Stored data:
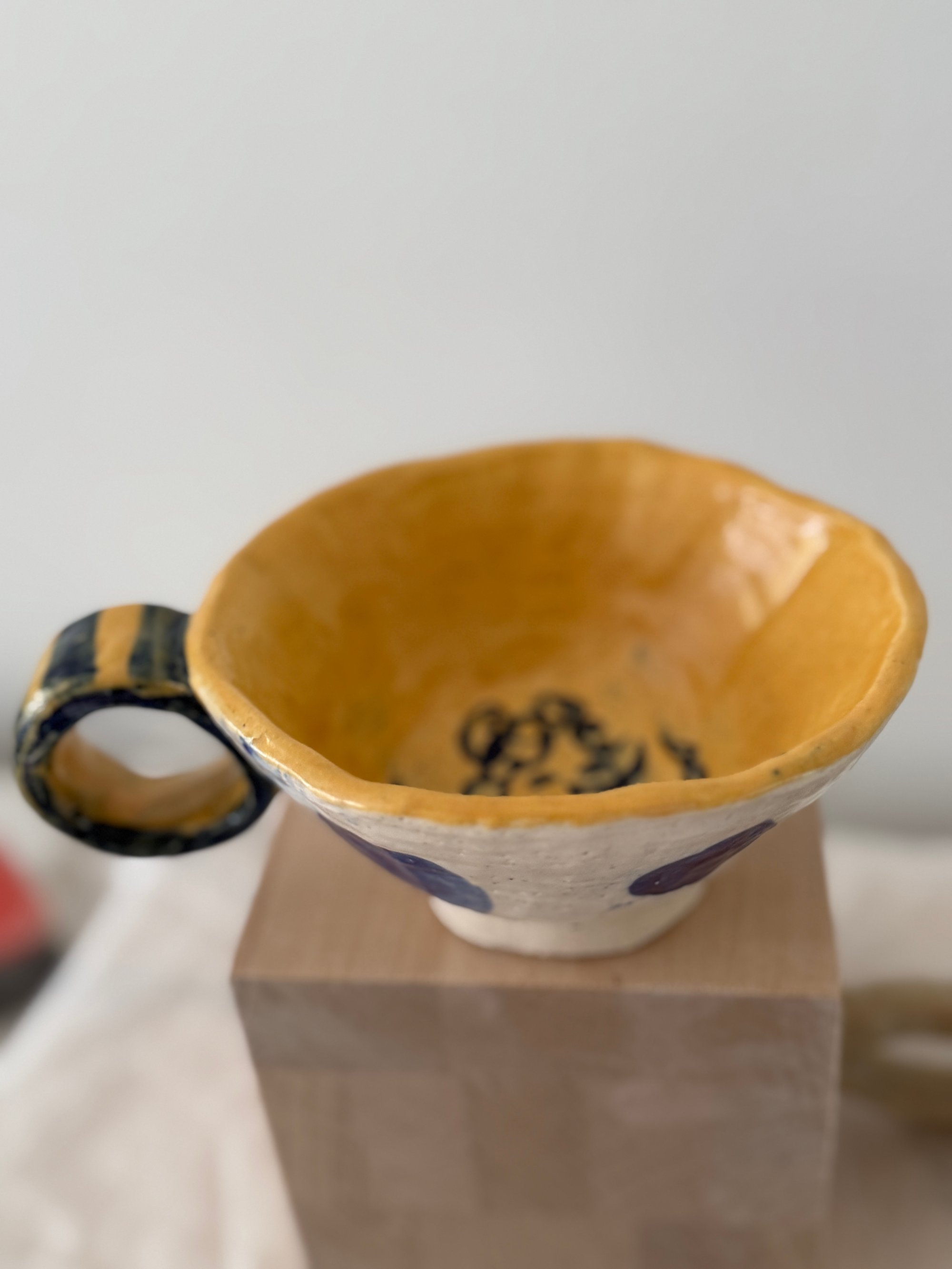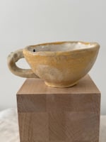 Mulitple glazes to achieve natural stone like on one of the mugs.
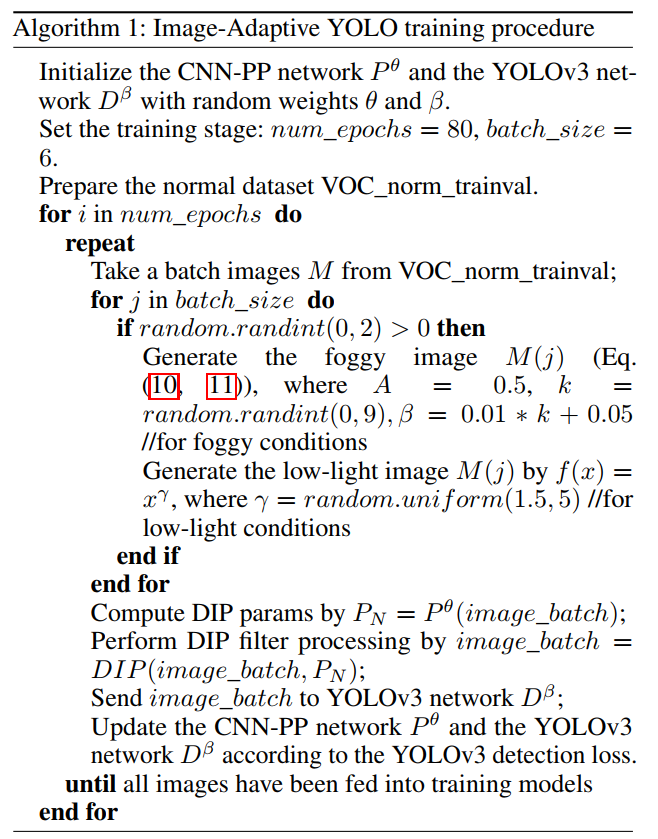为了在正常和恶劣天气条件下都能达到理想的检测性能,采用了IA-YOLO混合数据训练方案。算法1总结了提出方法的训练过程。
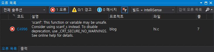 이게 무슨 소리냐면 scanf가 안전하지 않으므로 scanf_s를 쓰거나 _CRT_SECURE_NO_WARNINGS를 이용하라고 합니다.

Task description: The data above must be written out again word for word, without its pictures.

Exercise response:
 Mulitple glazes to achieve natural stone like on one of the mugs.
为了在正常和恶劣天气条件下都能达到理想的检测性能,采用了IA-YOLO混合数据训练方案。算法1总结了提出方法的训练过程。
 이게 무슨 소리냐면 scanf가 안전하지 않으므로 scanf_s를 쓰거나 _CRT_SECURE_NO_WARNINGS를 이용하라고 합니다.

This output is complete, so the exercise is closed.